■ Exercise: Copy word for word, please, the lines of the entries below running from the one containing "Gambar 4. 3" to the one containing "Central Gasificación Ciclo", both ends included.

■ Records supplied:
* * *
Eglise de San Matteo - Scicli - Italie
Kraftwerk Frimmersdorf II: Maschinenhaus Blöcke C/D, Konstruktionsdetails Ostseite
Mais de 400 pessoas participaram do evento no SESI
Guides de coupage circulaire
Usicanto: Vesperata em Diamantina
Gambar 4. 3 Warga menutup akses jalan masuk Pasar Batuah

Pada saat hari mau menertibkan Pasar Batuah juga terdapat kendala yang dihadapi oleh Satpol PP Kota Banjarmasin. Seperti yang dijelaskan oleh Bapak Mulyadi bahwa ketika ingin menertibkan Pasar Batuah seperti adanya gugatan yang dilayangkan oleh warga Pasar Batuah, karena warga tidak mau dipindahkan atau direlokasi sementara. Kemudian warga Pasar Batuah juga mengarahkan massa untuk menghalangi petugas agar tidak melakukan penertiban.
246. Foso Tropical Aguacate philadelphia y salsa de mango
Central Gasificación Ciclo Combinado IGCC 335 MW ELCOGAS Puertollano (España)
* * *
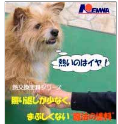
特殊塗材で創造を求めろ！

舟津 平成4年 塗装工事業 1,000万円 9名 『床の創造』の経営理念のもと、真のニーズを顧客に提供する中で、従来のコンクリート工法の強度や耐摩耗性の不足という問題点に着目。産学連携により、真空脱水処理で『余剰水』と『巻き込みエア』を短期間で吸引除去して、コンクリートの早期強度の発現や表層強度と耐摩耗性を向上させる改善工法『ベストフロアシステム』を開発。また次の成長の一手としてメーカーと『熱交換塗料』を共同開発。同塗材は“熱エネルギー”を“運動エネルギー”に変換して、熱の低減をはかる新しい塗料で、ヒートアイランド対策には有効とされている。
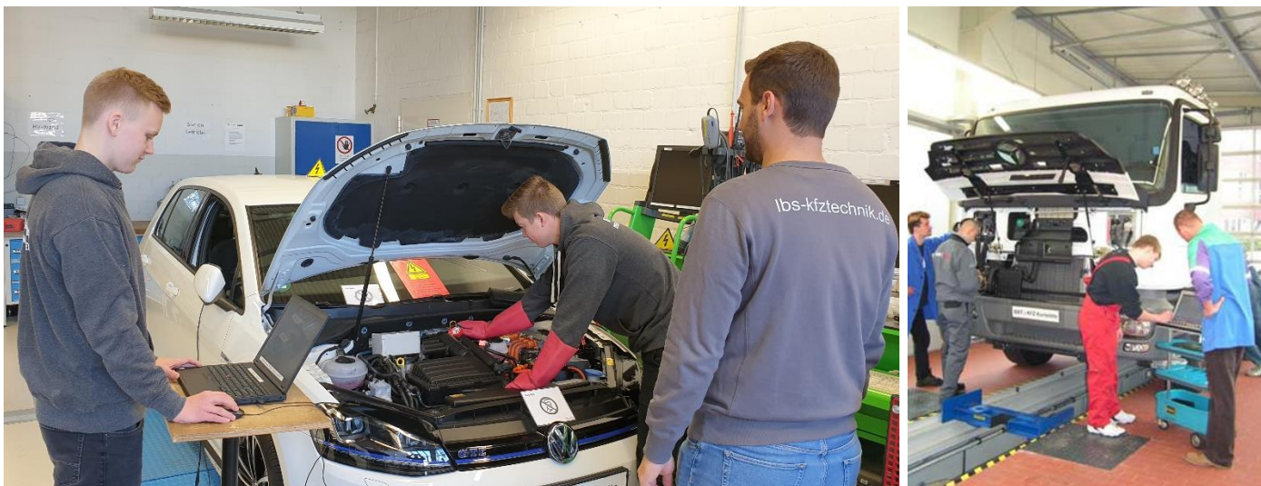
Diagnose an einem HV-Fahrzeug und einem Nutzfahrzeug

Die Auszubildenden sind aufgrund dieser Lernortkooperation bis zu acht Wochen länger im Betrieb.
* * *
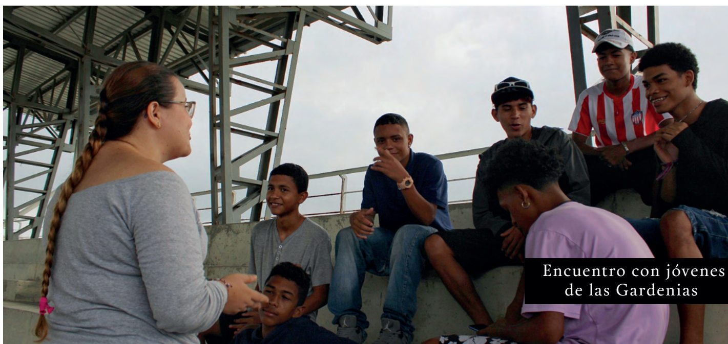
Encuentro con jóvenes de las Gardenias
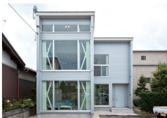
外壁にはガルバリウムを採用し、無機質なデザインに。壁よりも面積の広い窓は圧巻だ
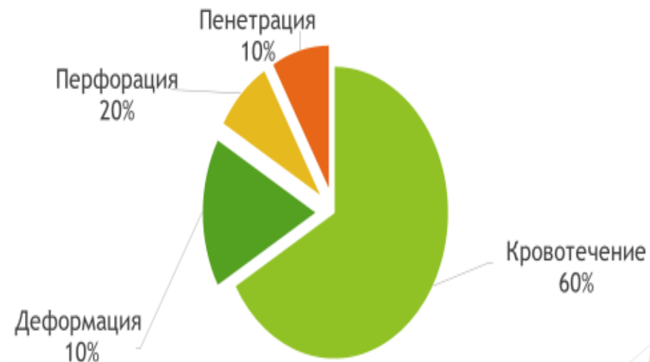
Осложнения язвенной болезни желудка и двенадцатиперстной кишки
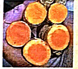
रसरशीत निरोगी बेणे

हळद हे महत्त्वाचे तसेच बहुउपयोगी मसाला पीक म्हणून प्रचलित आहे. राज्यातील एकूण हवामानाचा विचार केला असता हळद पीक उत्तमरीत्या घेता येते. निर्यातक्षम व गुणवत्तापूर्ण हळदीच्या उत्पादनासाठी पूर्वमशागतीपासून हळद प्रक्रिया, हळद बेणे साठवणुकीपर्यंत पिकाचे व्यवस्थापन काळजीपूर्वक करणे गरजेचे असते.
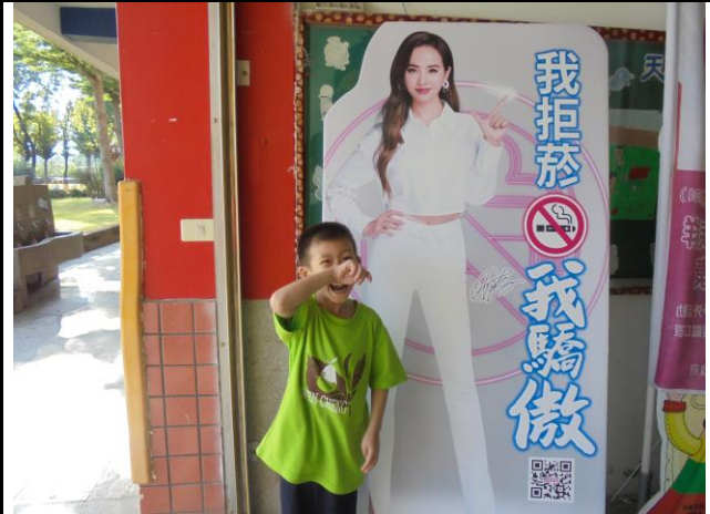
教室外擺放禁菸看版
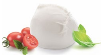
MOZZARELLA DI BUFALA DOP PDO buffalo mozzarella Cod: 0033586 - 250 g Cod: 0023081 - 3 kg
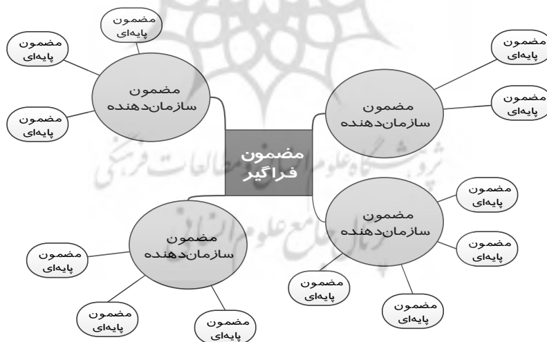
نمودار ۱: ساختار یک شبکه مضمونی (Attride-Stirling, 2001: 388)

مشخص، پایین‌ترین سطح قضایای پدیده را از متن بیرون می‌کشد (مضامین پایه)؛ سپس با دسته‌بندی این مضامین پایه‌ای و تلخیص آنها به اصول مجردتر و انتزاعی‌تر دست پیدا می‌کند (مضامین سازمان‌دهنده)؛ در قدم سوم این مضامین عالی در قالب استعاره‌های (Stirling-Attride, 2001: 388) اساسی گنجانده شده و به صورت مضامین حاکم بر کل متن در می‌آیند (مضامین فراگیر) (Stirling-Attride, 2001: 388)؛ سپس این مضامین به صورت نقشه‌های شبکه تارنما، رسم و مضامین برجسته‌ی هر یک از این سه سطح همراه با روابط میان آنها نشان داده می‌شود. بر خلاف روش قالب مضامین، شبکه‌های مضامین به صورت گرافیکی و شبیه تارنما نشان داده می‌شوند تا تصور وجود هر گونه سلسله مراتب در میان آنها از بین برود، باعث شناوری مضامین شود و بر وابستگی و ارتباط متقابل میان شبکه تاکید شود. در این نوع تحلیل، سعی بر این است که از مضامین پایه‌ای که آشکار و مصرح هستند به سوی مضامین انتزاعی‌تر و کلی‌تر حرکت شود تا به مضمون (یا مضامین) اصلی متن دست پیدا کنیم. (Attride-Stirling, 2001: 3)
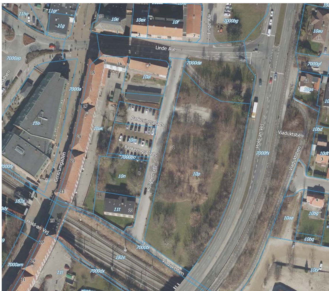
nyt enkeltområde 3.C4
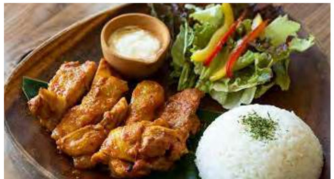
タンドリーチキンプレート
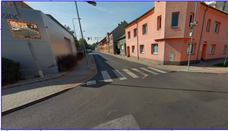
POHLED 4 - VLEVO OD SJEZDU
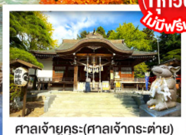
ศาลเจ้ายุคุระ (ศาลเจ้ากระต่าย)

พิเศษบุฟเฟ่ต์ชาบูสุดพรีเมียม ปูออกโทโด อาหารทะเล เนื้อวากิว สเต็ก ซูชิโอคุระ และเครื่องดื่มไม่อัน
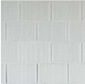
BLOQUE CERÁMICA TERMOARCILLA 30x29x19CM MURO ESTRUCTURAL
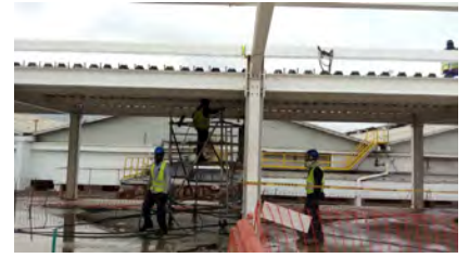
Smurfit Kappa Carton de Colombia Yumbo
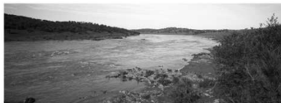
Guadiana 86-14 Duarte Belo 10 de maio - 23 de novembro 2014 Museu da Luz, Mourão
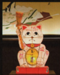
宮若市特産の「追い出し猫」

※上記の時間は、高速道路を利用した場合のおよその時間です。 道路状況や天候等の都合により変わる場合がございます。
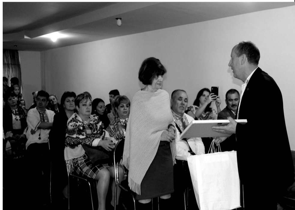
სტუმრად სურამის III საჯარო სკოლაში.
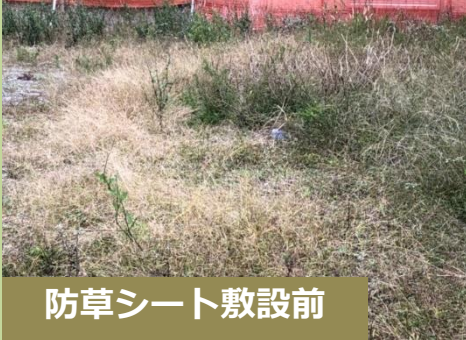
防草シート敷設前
* * *
■ Response to the task:
Gambar 4. 3 Warga menutup akses jalan masuk Pasar Batuah

Pada saat hari mau menertibkan Pasar Batuah juga terdapat kendala yang dihadapi oleh Satpol PP Kota Banjarmasin. Seperti yang dijelaskan oleh Bapak Mulyadi bahwa ketika ingin menertibkan Pasar Batuah seperti adanya gugatan yang dilayangkan oleh warga Pasar Batuah, karena warga tidak mau dipindahkan atau direlokasi sementara. Kemudian warga Pasar Batuah juga mengarahkan massa untuk menghalangi petugas agar tidak melakukan penertiban.
246. Foso Tropical Aguacate philadelphia y salsa de mango
Central Gasificación Ciclo Combinado IGCC 335 MW ELCOGAS Puertollano (España)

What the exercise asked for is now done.